# What to produce
Set down each of the records below exactly as it reads. No pictures go into the copy.

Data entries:
◆ ◆ ◆ ◆ ◆
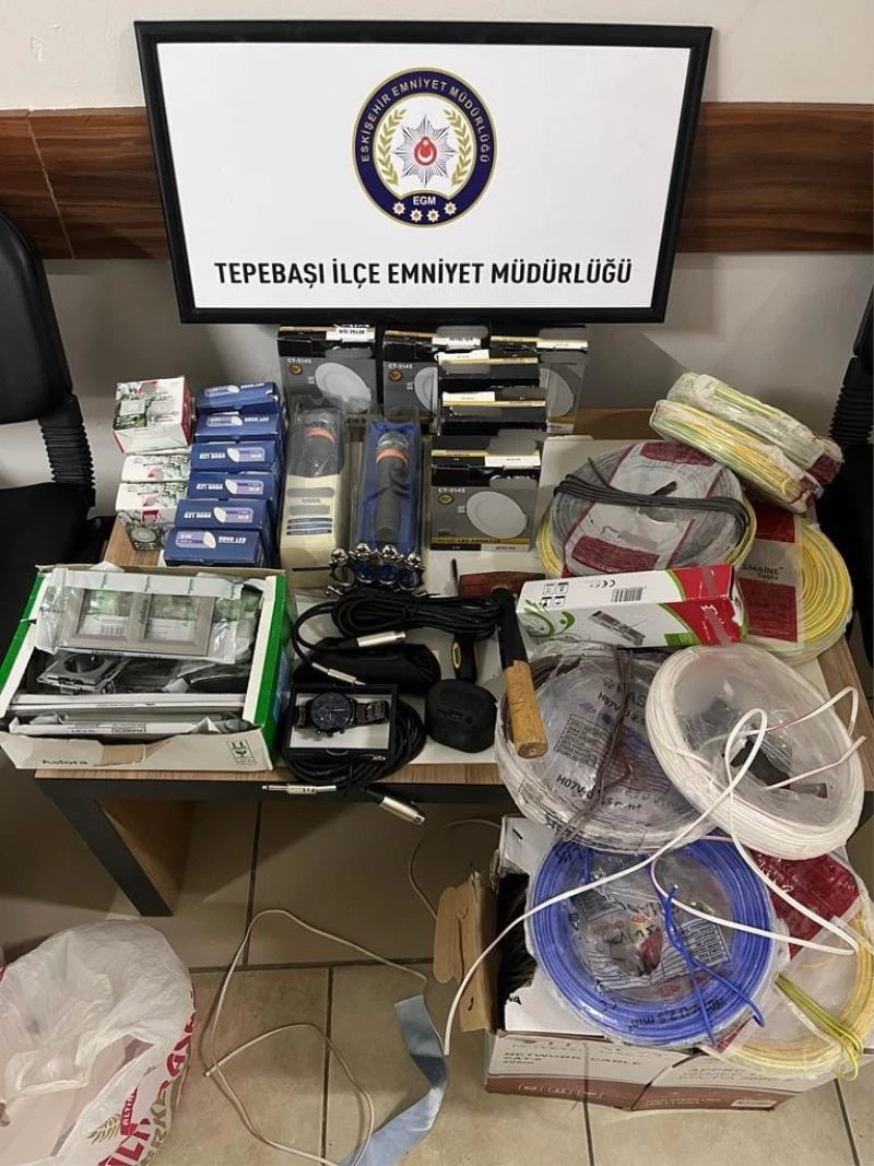 Eskişehir İl Emniyet Müdürlüğü Tepebaşı İlçe Emniyet Müdürlüğünce şüphelilere yönelik yapılan uygulamalar neticesinde, D.Ü. ve H.M. isimli şahısların bir aracın kasasına çok miktarda malzeme yüklediği fark edildi. Yüklenen malzemeler incelendiğinde; elektrik ve internet kabloları, led aydınlatma ışıkları ve spot lambalar ile mikrofon, ses dağıtım kabloları, priz duyları ve benzeri elektronik malzemelerin çalıntı olduğu anlaşıldı. Polis ekiplerince gözaltına alınan şüpheliler, işlemlerinin ardından adliyeye sevk edildi.
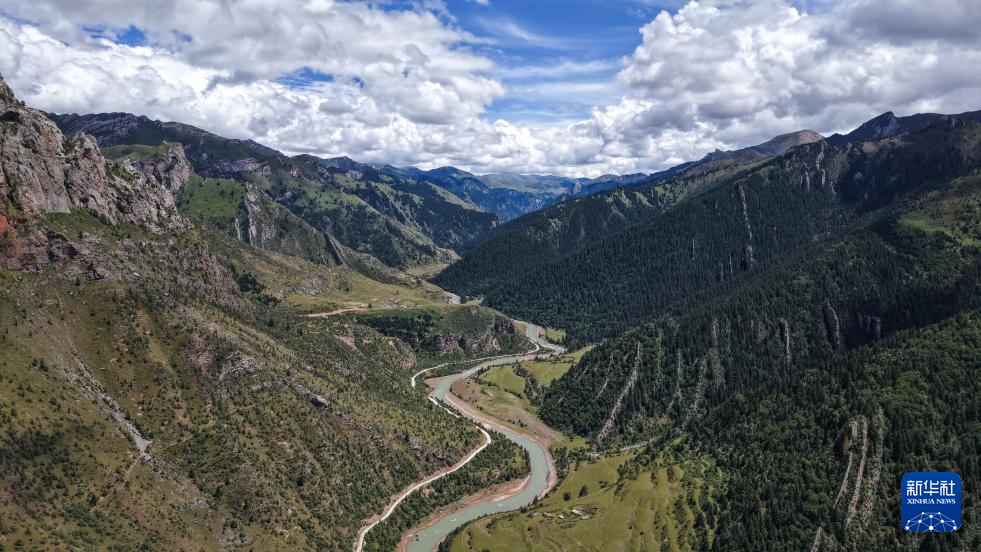 这是8月21日在青海省玉树藏族自治州囊谦县拍摄的江西林场(无人机照片)。
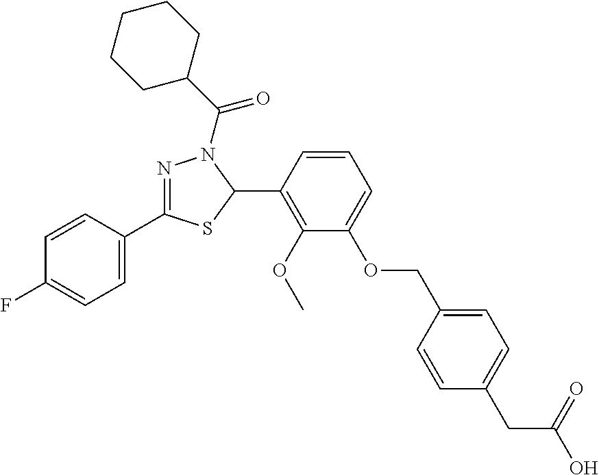 - MUHINHQLDXMQQT-UHFFFAOYSA-N COC1=C(F)C=C(C(=O)N2N=C(C3=CC=C(F)C=C3)SC2C2=C(OC)C(OCC3=CC(C(=O)O)=CC=C3)=CC=C2)C=C1 Chemical compound COC1=C(F)C=C(C(=O)N2N=C(C3=CC=C(F)C=C3)SC2C2=C(OC)C(OCC3=CC(C(=O)O)=CC=C3)=CC=C2)C=C1 MUHINHQLDXMQQT-UHFFFAOYSA-N 0.000 description 2
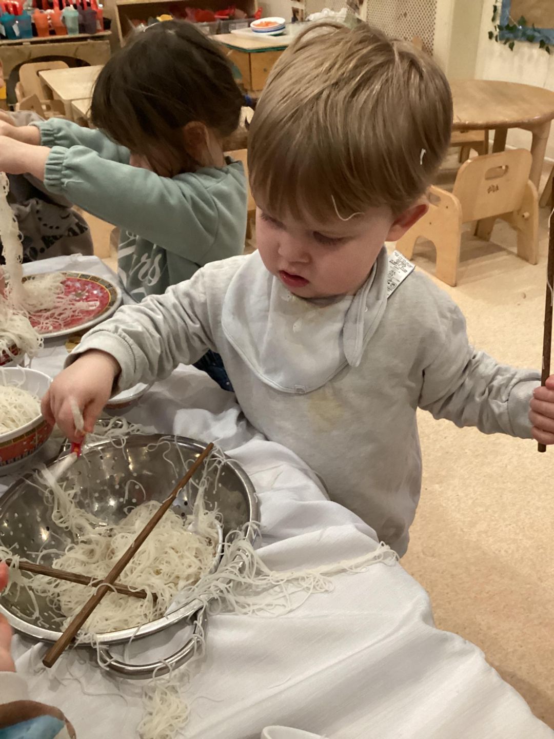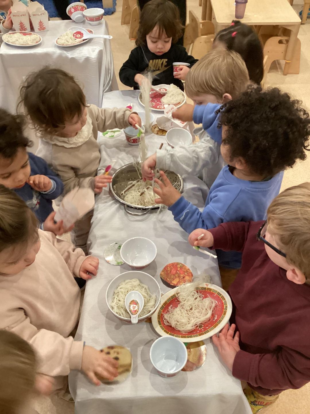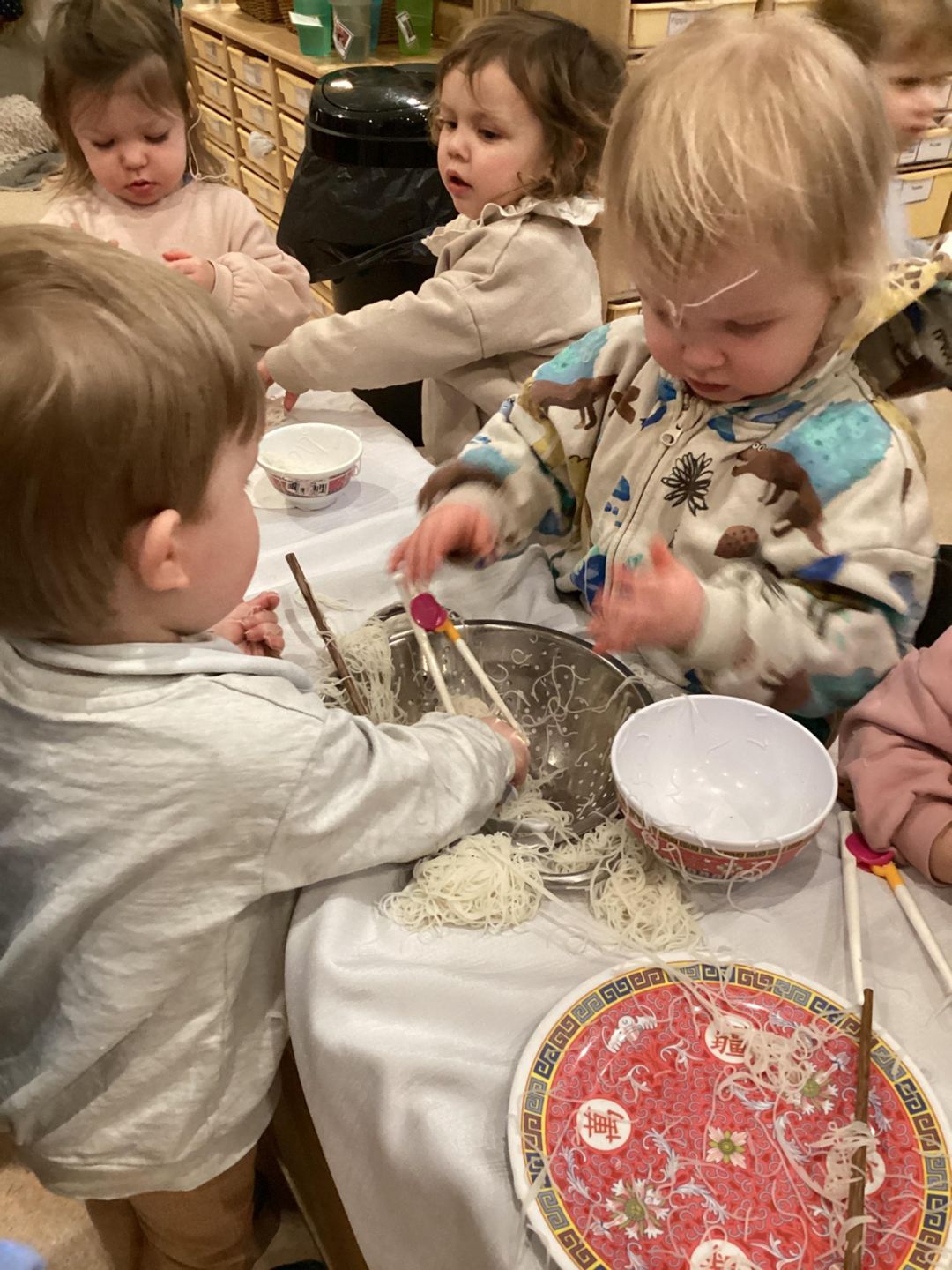The Ladybirds have been busy celebrating Chinese new Year this week! They had lots of fun exploring Chinese-inspired home and restaurant by using different bowls, chopsticks and even real rice noodles. The children were really interested in the noodles and enjoyed having a go at picking them up with the chopsticks. There was lots of pretending to cook, serve food and a little bit of tasting the rice noodles. The ladybirds really concentrated as they practiced using some smaller child friendly chopsticks and challenged themselves by using adult chopsticks also. We did lots of picking up and seeing how long some of the noodles where as we lifted them up into the air. Well done Ladybirds!
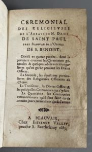 [Picardie. Hagiographie]. CEREMONIAL DES RELIGIEUSES de l'abbaye de N. Dame de Saint Paul prez Beauvais de l'ordre de S. Benoist... A Beauvais, chez E. Vallet, 1683. In-12, 353 p., [2] f. (table), pl., velin ivoire ancien, dos lisse, titre moderne à...
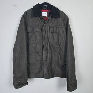 Old Navy Mens Button Up Canvas Chore Coat Sz Large Green Fleece Lined Barn Work
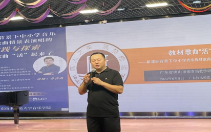 2023年6月8日下午,beat365唯一官方网站邀请到佛山市教育局音乐教研员曾春燕老师为我院师生开展《音乐教材歌曲“活”起来了——新课标背景下中小学音乐教材歌曲情景表演唱的实践与探索》专题讲座。学院青年教师和20级师范生参加,讲座由beat365唯一官方网站邓昆副院长主持。
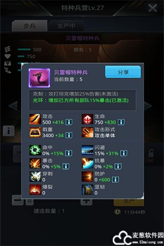 特种兵特点:增加对坦克伤害25%,自带闪避。
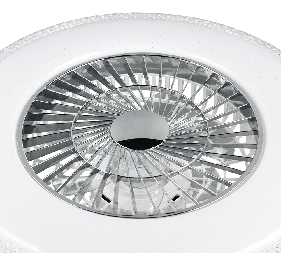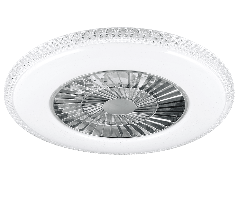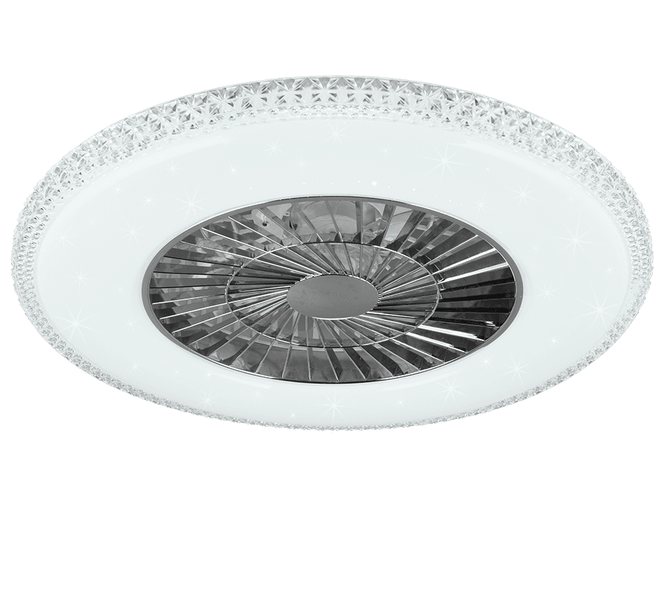 Lámpara de Techo HARSTAD 2 en 1 con Ventilador, Mando a Distancia y Luz LED Ajustable – Color: Cromo – Material: Plástico – Tipo de Luz: LED – Lúmenes: 3900 – Temperatura: 3000 – 6500K
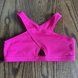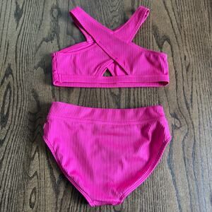 Abercrombie Kid Girls Hot Pink Ribbed 2PC Criss Cross Bikini Swim Suit Size 9/10
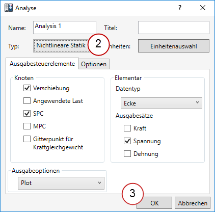 9. Ändern Sie den Analysetyp in Nichtlinear statisch und wiederholen Sie den Vorgang
◆ ◆ ◆ ◆ ◆
# Response to the task
 Eskişehir İl Emniyet Müdürlüğü Tepebaşı İlçe Emniyet Müdürlüğünce şüphelilere yönelik yapılan uygulamalar neticesinde, D.Ü. ve H.M. isimli şahısların bir aracın kasasına çok miktarda malzeme yüklediği fark edildi. Yüklenen malzemeler incelendiğinde; elektrik ve internet kabloları, led aydınlatma ışıkları ve spot lambalar ile mikrofon, ses dağıtım kabloları, priz duyları ve benzeri elektronik malzemelerin çalıntı olduğu anlaşıldı. Polis ekiplerince gözaltına alınan şüpheliler, işlemlerinin ardından adliyeye sevk edildi.
 这是8月21日在青海省玉树藏族自治州囊谦县拍摄的江西林场(无人机照片)。
 - MUHINHQLDXMQQT-UHFFFAOYSA-N COC1=C(F)C=C(C(=O)N2N=C(C3=CC=C(F)C=C3)SC2C2=C(OC)C(OCC3=CC(C(=O)O)=CC=C3)=CC=C2)C=C1 Chemical compound COC1=C(F)C=C(C(=O)N2N=C(C3=CC=C(F)C=C3)SC2C2=C(OC)C(OCC3=CC(C(=O)O)=CC=C3)=CC=C2)C=C1 MUHINHQLDXMQQT-UHFFFAOYSA-N 0.000 description 2
The Ladybirds have been busy celebrating Chinese new Year this week! They had lots of fun exploring Chinese-inspired home and restaurant by using different bowls, chopsticks and even real rice noodles. The children were really interested in the noodles and enjoyed having a go at picking them up with the chopsticks. There was lots of pretending to cook, serve food and a little bit of tasting the rice noodles. The ladybirds really concentrated as they practiced using some smaller child friendly chopsticks and challenged themselves by using adult chopsticks also. We did lots of picking up and seeing how long some of the noodles where as we lifted them up into the air. Well done Ladybirds!
 [Picardie. Hagiographie]. CEREMONIAL DES RELIGIEUSES de l'abbaye de N. Dame de Saint Paul prez Beauvais de l'ordre de S. Benoist... A Beauvais, chez E. Vallet, 1683. In-12, 353 p., [2] f. (table), pl., velin ivoire ancien, dos lisse, titre moderne à...
 Old Navy Mens Button Up Canvas Chore Coat Sz Large Green Fleece Lined Barn Work
 2023年6月8日下午,beat365唯一官方网站邀请到佛山市教育局音乐教研员曾春燕老师为我院师生开展《音乐教材歌曲“活”起来了——新课标背景下中小学音乐教材歌曲情景表演唱的实践与探索》专题讲座。学院青年教师和20级师范生参加,讲座由beat365唯一官方网站邓昆副院长主持。
 特种兵特点:增加对坦克伤害25%,自带闪避。
 Lámpara de Techo HARSTAD 2 en 1 con Ventilador, Mando a Distancia y Luz LED Ajustable – Color: Cromo – Material: Plástico – Tipo de Luz: LED – Lúmenes: 3900 – Temperatura: 3000 – 6500K
 Abercrombie Kid Girls Hot Pink Ribbed 2PC Criss Cross Bikini Swim Suit Size 9/10
 9. Ändern Sie den Analysetyp in Nichtlinear statisch und wiederholen Sie den Vorgang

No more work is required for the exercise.